• I hope you all had an enjoyable Christmas and new year. With the festivities over, and minimal work required on the lawns, now is the time to plan your yearly maintenance and feeding regimes. January marks the low season for lawns in the UK characterised by cold temperatures and shorter daylight hours that result in minimal growth. Consequently, the need for frequent lawn mowing diminishes. However, it's essential to consider appropriate maintenance or lawn treatments during this period.
If there is any frost about, the advice is to keep off the grass; you can bruise the plant and leave unsightly black footprints which can turn brown as the grass leaf dies.
If it looks like it is going to snow (it’s January after all), and you are concerned that the snow will affect the lawn, then Turf Hardeners or iron based fertilisers can be used to ‘toughen’ the grass and keep any fungal diseases such as Snow Mold at bay.

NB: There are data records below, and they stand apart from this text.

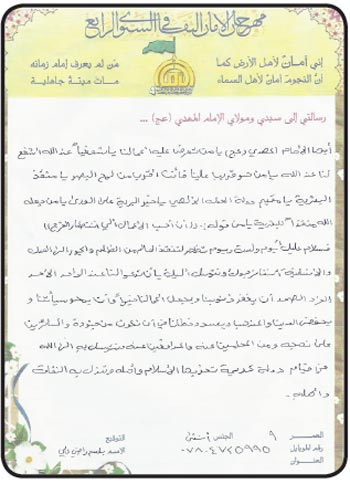 أيها الإمام المهدي (عج) يا من تعرض عليه أعمالنا يا شفيعنا عند الله اشفع لنا عند الله يا من هو قريب عنا فأنت أقرب الينا من لمح البصر يامنقذ البشرية يا مقيم دولة العدل الإلهي يا خير البرية على الورى يامن جعله الله منقذاً للبشرية يا من قوله: (أن أحب الأعمال ألي انتظار الفرج) فسلام عليك يوم ولدت ويم تظهر لتنقذ العالم من الظلم والجور الى العدل و الإنسانية أننا نرجوك ونتوسل اليك بأن تدعوا بأن تدعوا لنا عند الواحد الأحد الفرد الصمد أن يغفر ذنوبنا ويجعل أعمالنا خيراً فأن يمحو سيأتنا و يحفض العدين والمذهب ويسدد خطانا في أن نكون من جنودة والسائرين على نصيحة من المحامين عنه والمدافعين عنه ونتوسل به الى الله في قيام دولة كريمة تعز بها الاسلام واهله وتذل به النفاق وأهله.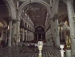 Desde el acceso apreciamos cuatro columnas de menor tamaño, las cuales presentan un capitel de orden jónico, en este lugar marcado por las columnas indicaba el espacio hasta el cual podían ingresar los no cristianos o no bautizados. Luego en la Nave central, lugar donde ya podían ingresar los Cristianos, está compuesto por arcadas de medio punto, con columnas (52) alineadas perfectamente, la Nave remata en un gran arco, el cual divide el lugar en dos, y muestra el inicio del altar.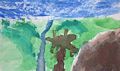 I LOVE THIS WATERCOLOR PAINTING!!! The colors you used are gorgeous! I love the blues and greens of this beach scene. It looks like Hawaii to me with a palm tree and mountain in the foreground and the ocean in the background. You did a great job! Love, Grandma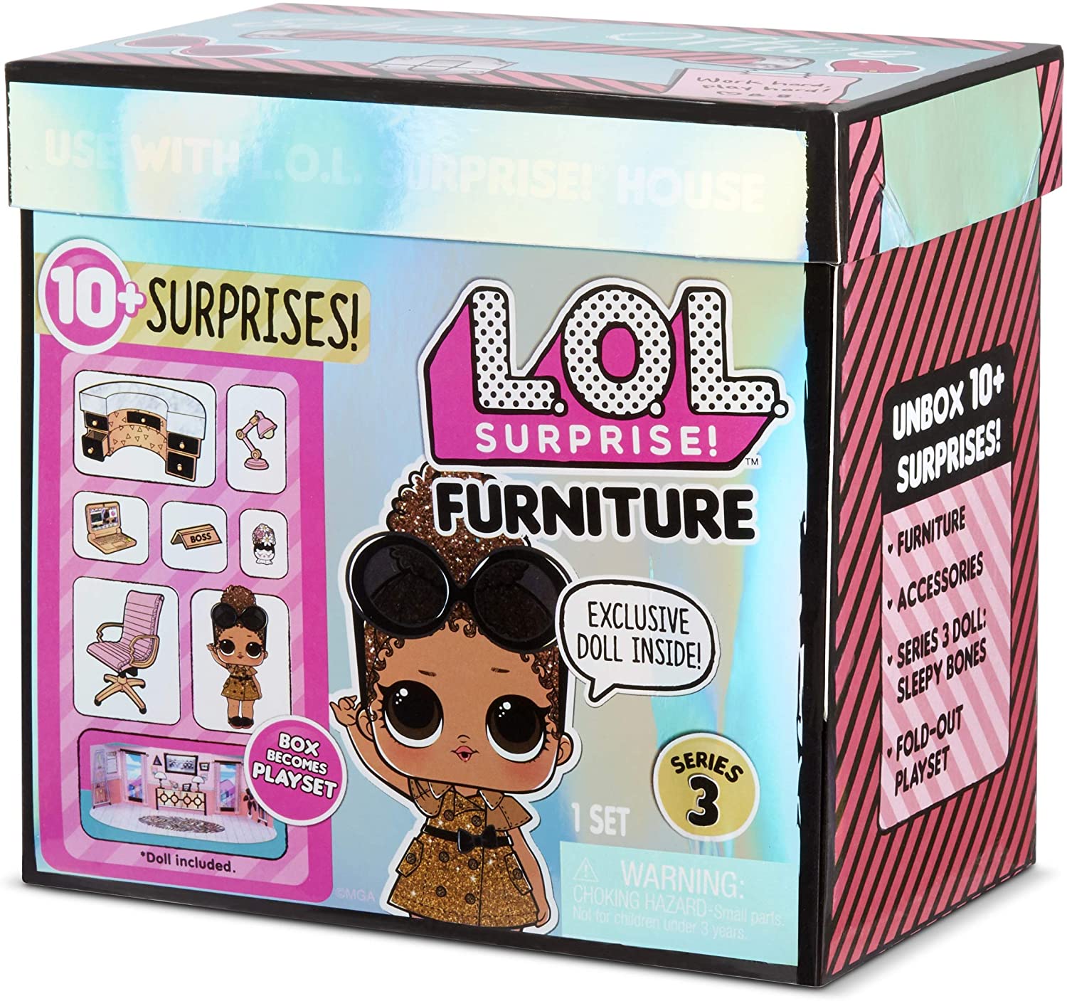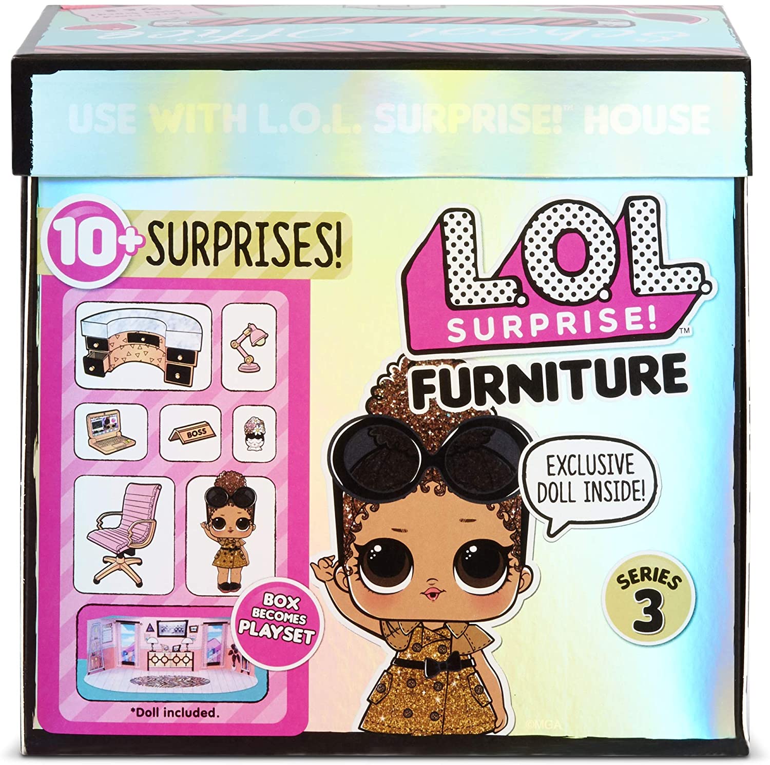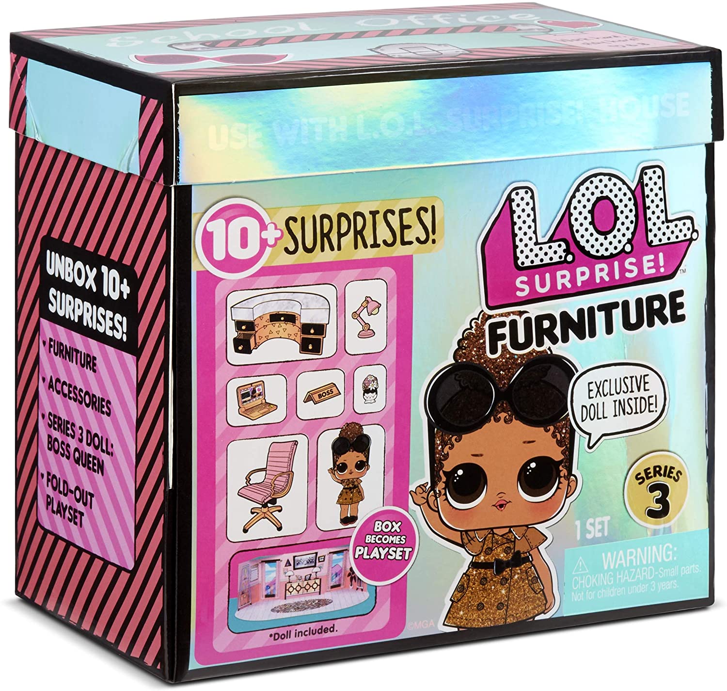 MGA Entertainment LOL Surprise Furniture 3 School Office — кабинет директора школы. Кукла Boss Queen модная и блестящая, а ее кабинет также выполнен в розово-блестящих тонах.

Leaf and debris collection should continue when conditions allow. If leaf litter is left, it will stop the light from getting to the grass underneath, and as the nights have drawn in, the grass will need all the light it can get. If you are going to mow your lawn make sure conditions aren't too wet and make sure you are mowing at a high height of cut. DO NOT MOW if there are frosts due. January is a good time to aerate your lawn. Aeration can help with drainage and with loosening compact ground. This all contributes to the health of your grass over winter.
As part of your maintenance plan, make sure your mower and other mechanical equipment are taken into account. At the very least, wash down and grease or oil the working parts. If it’s a petrol mower, please remove any remaining petrol as this can go stale and may prevent the mower from starting when you come to use it. Book the mower in for a service, and have the blades sharpened, if it’s a while since you’ve had this done.